By Elizabeth Yeamans Simrell (Guest Blogger)
Week 39 Scripture Readings: Proverbs 26-27
Key Scripture Verse: Proverbs 27:19 (NIV, Life Application Bible)
“As water reflects the face, so one’s life reflects the heart.”
The proverbs in this section are more of the proverbs of Solomon that were written for the king and for those whom he dealt with, but many are pertinent to us all. I was particularly drawn to this one.
As much as I love children and delight in them, I have always had an affinity for those older than me. When I was young, I wanted to be older to do what the older kids could do. When I was in middle school, I wanted to go to high school. And when I was in high school, I couldn’t wait to go to college and so on. During my early adult years, I wanted to date men older than me and felt more appreciated by those a little older than me. Eventually, I aged enough that I was ready to slow down and stay where I was. And as I age, of course, I would like to be younger. So it is—perhaps it is a little of the wanting something that looks greener on the other side of the fence, huh?
But, this is to say that I have always noticed people older than myself and, even professionally, I have worked with a lot of old people.
When I was young, my family went to the beach for vacation every year and my mother liked to stay in the old-fashioned hotels on the beach—the ones that had dining rooms and served their own meals in a family atmosphere. This meant staying in hotels she remembered from her childhood or hotels similar to them. And, guess who frequented those less-modern hotels? Old people. Some families with children were there, so we weren’t entirely out of place, but there were a lot of old people and so I did some people watching and I noticed them.

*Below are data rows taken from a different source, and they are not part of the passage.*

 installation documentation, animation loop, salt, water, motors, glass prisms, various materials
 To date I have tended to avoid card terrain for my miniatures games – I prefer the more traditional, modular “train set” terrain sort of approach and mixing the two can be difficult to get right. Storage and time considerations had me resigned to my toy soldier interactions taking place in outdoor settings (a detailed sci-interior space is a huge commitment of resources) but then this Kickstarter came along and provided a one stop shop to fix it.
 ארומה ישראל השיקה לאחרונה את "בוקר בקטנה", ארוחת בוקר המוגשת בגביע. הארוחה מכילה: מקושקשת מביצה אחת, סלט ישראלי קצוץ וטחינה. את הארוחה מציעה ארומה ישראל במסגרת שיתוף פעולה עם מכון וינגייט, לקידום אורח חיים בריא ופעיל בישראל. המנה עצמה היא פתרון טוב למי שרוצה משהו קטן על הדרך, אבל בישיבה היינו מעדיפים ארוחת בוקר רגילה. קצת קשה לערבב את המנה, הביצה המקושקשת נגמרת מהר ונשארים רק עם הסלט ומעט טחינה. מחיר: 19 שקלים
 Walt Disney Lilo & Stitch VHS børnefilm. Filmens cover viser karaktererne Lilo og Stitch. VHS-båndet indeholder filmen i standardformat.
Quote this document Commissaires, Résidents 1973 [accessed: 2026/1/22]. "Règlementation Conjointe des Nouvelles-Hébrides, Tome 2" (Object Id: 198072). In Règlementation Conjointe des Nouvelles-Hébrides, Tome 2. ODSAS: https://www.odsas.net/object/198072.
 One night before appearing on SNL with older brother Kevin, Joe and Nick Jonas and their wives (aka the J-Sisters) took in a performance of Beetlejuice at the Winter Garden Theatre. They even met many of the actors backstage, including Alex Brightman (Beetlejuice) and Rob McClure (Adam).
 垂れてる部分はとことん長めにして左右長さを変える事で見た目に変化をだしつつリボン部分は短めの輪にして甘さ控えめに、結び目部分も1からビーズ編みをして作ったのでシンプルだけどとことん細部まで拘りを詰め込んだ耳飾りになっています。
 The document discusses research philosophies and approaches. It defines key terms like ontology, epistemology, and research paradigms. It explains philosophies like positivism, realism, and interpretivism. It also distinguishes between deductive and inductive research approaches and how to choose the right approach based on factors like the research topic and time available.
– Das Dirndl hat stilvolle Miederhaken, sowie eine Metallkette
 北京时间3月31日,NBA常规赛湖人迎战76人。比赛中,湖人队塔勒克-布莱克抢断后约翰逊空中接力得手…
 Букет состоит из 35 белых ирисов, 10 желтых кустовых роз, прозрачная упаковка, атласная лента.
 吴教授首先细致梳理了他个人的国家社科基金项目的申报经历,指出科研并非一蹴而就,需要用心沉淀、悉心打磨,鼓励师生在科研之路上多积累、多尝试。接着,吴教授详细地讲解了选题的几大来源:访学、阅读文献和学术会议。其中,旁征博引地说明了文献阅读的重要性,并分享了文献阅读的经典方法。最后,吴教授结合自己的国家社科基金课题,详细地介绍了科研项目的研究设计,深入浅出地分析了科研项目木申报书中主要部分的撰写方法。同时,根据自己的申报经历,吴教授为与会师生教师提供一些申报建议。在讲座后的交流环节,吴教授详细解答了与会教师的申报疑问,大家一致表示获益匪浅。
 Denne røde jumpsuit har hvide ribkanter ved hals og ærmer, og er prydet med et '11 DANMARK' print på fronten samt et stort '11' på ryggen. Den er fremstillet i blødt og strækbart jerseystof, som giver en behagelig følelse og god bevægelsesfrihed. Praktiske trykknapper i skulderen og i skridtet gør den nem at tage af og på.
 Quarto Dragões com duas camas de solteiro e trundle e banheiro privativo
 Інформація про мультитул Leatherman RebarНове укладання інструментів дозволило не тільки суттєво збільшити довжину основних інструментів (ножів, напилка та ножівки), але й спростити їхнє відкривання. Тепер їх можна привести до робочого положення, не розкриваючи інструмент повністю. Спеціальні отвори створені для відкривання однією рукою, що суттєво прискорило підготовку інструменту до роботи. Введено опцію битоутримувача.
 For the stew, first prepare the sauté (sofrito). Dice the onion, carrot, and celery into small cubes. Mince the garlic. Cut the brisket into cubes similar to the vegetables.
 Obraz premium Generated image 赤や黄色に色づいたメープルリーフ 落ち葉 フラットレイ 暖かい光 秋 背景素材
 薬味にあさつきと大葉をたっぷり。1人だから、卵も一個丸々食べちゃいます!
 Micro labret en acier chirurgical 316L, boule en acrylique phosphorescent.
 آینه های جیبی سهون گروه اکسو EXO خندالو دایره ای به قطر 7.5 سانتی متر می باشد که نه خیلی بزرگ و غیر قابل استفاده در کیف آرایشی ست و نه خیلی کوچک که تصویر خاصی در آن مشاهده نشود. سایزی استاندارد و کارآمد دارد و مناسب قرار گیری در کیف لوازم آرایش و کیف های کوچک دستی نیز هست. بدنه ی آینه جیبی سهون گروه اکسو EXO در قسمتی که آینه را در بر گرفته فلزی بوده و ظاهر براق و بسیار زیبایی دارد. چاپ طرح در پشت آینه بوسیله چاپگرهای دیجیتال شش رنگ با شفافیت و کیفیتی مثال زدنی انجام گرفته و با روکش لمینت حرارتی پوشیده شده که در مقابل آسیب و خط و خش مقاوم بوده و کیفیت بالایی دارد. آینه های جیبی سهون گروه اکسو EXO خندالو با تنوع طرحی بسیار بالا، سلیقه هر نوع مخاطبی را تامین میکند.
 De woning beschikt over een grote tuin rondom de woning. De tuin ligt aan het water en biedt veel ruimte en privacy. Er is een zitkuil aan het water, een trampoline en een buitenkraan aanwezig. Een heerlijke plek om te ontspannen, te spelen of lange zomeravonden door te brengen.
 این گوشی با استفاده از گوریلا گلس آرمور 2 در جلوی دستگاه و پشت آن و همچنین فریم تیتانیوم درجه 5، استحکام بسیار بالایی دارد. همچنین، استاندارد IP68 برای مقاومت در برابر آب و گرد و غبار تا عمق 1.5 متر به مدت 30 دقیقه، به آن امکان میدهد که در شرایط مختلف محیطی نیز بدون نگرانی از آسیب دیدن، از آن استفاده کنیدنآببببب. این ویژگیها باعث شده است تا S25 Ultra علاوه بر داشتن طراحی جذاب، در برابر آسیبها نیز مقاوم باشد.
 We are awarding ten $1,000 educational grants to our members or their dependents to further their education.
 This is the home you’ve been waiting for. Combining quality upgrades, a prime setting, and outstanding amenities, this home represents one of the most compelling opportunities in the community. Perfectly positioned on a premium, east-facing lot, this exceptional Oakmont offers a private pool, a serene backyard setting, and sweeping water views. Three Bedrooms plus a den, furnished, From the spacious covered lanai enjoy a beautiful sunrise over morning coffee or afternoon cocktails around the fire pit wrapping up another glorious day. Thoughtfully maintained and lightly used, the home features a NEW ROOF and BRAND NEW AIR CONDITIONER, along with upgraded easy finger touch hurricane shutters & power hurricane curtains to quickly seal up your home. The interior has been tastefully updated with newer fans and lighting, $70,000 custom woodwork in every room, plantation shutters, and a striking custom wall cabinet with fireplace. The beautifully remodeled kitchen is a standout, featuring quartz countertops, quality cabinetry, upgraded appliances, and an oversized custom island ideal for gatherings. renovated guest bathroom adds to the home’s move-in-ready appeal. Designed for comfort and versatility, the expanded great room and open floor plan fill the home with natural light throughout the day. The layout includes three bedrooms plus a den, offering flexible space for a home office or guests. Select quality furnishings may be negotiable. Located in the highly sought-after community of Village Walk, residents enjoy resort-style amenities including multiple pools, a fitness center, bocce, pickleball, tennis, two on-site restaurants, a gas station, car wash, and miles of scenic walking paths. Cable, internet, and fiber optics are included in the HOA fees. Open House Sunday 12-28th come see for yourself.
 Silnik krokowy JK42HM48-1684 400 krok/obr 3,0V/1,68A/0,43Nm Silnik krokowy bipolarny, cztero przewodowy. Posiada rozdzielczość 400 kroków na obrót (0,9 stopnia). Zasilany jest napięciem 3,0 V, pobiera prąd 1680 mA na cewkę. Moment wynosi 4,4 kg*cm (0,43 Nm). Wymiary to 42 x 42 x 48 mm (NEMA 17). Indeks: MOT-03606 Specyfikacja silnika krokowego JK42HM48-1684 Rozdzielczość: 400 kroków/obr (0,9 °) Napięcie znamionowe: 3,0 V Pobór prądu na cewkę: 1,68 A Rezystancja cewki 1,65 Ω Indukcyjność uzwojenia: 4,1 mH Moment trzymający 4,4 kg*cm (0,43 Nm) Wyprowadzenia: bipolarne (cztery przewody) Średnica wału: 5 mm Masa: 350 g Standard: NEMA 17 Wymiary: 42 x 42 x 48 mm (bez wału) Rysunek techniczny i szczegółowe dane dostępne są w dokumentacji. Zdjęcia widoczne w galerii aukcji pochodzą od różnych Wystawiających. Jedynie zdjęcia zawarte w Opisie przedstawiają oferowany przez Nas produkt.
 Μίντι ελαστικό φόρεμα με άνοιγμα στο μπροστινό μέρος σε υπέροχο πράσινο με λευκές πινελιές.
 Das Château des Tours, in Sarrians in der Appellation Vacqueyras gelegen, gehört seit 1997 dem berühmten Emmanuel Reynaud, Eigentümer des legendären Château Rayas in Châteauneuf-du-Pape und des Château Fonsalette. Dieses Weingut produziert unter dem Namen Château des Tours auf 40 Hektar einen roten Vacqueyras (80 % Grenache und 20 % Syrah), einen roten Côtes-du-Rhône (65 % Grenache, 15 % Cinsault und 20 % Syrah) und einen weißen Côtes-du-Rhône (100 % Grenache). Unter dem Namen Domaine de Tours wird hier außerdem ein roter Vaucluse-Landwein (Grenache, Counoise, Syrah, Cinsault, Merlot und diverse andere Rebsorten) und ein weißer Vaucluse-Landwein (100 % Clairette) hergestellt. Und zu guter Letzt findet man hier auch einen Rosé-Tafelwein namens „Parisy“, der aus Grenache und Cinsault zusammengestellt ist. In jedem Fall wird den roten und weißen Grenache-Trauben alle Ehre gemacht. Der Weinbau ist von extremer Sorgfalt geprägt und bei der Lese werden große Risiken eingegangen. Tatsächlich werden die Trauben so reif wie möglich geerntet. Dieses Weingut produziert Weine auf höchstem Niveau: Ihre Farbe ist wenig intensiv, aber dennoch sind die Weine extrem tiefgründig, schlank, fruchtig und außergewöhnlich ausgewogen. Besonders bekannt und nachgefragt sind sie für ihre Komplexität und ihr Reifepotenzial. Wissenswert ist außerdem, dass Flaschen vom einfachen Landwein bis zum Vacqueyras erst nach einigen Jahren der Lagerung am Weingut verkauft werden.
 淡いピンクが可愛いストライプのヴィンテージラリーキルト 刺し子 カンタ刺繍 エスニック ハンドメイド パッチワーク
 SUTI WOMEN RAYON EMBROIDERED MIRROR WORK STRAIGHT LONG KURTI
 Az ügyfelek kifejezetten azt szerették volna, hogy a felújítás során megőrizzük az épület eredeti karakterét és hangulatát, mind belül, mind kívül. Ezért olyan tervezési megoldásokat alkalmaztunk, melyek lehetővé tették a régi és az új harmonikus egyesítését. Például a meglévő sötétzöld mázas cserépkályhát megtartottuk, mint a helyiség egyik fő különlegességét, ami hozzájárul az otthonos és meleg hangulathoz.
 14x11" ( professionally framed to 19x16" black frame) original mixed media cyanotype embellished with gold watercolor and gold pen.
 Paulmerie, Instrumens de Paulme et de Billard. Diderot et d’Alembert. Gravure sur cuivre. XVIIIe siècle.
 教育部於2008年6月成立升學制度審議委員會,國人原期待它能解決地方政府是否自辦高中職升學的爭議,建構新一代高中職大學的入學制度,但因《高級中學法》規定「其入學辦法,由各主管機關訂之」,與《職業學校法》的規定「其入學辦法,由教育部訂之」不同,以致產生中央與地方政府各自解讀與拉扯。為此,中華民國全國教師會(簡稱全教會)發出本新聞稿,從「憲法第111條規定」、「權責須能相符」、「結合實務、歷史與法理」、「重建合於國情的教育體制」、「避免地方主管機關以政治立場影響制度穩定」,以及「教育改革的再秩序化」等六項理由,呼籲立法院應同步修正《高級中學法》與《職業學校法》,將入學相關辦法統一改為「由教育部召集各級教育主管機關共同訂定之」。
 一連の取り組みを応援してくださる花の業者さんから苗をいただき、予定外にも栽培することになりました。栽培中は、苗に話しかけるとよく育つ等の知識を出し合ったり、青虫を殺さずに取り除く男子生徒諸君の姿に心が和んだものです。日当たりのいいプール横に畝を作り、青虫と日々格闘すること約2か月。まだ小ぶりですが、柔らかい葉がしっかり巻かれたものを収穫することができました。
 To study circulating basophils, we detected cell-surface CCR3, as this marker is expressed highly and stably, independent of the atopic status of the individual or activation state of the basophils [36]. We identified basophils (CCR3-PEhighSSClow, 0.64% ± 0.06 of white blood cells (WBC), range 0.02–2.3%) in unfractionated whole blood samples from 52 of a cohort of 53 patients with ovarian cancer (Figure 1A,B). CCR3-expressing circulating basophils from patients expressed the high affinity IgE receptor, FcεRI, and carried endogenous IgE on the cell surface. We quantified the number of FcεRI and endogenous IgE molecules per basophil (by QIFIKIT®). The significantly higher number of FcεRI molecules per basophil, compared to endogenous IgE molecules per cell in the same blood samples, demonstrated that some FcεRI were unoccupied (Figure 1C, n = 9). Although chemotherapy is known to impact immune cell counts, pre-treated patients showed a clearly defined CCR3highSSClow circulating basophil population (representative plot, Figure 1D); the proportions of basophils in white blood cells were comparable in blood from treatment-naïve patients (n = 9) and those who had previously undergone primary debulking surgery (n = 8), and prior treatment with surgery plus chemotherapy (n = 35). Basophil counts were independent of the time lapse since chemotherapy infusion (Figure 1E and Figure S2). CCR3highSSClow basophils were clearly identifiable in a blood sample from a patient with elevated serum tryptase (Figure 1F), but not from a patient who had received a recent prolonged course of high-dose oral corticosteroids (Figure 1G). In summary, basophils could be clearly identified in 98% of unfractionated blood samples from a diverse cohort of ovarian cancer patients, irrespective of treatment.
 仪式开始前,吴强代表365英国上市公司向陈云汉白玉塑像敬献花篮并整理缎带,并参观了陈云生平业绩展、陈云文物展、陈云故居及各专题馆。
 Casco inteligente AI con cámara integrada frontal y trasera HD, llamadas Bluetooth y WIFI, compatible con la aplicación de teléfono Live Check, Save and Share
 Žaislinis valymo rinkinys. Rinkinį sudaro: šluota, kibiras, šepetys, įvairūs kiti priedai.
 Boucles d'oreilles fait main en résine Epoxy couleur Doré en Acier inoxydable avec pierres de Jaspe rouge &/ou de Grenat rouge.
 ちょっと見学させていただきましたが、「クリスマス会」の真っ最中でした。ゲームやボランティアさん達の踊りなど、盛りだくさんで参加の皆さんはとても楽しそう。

I remember being at the Halifax Hotel, for any of you who remembers that hotel at Virginia Beach that was on the boardwalk. And I specifically remember observing two old ladies there who looked alike, yet they looked very different to me, too. They were clearly sisters, but one of the sisters had smile lines in her face and the other one looked bitter and sad, with frown lines noticeably wrinkling her face. I remember thinking how their lives had taken different turns. Clearly the one with the smile lines had looked at life from a happy, positive perspective, and perhaps she had been kind and loving. Her sister looked angry, sad, embittered. I suspect her life had been hard, or perhaps she had been a terrible pessimist. Or she had a cruel streak. I remember hoping and wishing that as I aged, as I lived my life, I would remember them—that I would remember to smile, to laugh, to be hopeful, to be pleasant, to be loving, to be kind, and that somehow it would reflect on my face that I had lived that way.
I’m not entirely sure our spirits reflect on our faces that way, but I think they do. I know people I have instantly been drawn to because of the smiles on their faces—and rarely have I been wrong about them once I have gotten to know them.
Our lives reflect our choices, our personal priorities—the good and the bad, the pretty and the not-so-pretty aspects of our character. We have lots of circumstances that we have to deal with in our lives and some of us have more choices than others, but it’s not entirely about how rich or poor we are, or where we grew up, although those things definitely influence us—it’s what we do with the situations we have. It’s how we uniquely respond to our circumstances. It’s about character.
And character is what’s deep inside—it’s the “heart” part—who we are inside at our core. That’s the spiritual part that God sees.
When I look in the mirror and see myself looking back, I hope to see smile lines, lines that mean I have smiled at you, I have laughed with you, enjoyed you, shared with you, given kindness to you.
When Jesus reviews my life with me, I hope I can look back with him and see a reflection of his love there where I loved and gave of myself, where I shared his love with you, where I followed his will and did his work. I hope we will see that as I developed, I grew closer to the character of God himself—that there will be some spiritual maturity there.
Dear Lord Jesus, help me to develop a character reflective of your love. May my life reflect a loving heart. Amen.